NVIDIA-NeMo · tgasser-nv · Dec 2, 2025 · Nov 12, 2025 · Nov 13, 2025 · Nov 13, 2025
diff --git a/benchmark/aiperf/README.md b/benchmark/aiperf/README.md
@@ -0,0 +1,365 @@
+# AIPerf Benchmarking for NeMo Guardrails
+
+## Introduction
+
+[AIPerf](https://github.com/ai-dynamo/aiperf) is NVIDIA's latest benchmarking tool for LLMs. It supports any OpenAI-compatible inference service and generates synthetic data loads, benchmarks, and all the metrics needed for performance comparison and analysis.
+
+The [`run_aiperf.py`](run_aiperf.py) script enhances AIPerf's capabilities by providing:
+
+- **Batch Execution**: Run multiple benchmarks in sequence with a single command
+- **Parameter Sweeps**: Automatically generate and run benchmarks across different parameter combinations (e.g., sweeping concurrency levels, token counts, etc.)

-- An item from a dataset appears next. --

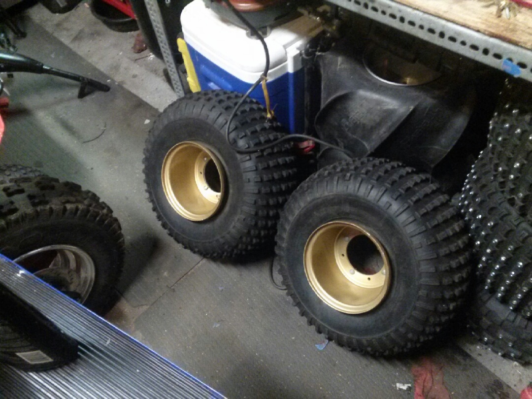 Couldn't do much on Sat since my wife threw a birthday party for me. Kind of a conjoined one as my bro in law is also around the same time. Was able to mount all the tires, but couldn't get the rear to bead seal. My compressor just doesn't have that oomph needed. Going to take them to the local MX shop and have them get the beads to seal.

+- **Organized Results**: Automatically organizes benchmark results in timestamped directories with clear naming conventions
+- **YAML Configuration**: Simple, declarative configuration files for reproducible benchmark runs
+- **Run Metadata**: Saves complete metadata about each run (configuration, command, timestamp) for future analysis and reproduction
+- **Service Health Checks**: Validates that the target service is available before starting benchmarks
+
+Instead of manually running AIPerf multiple times with different parameters, you can define a sweep in a YAML file and let the script handle the rest.
+
+## Getting Started
+
+### Prerequisites
+
+These steps have been tested with Python 3.11.11.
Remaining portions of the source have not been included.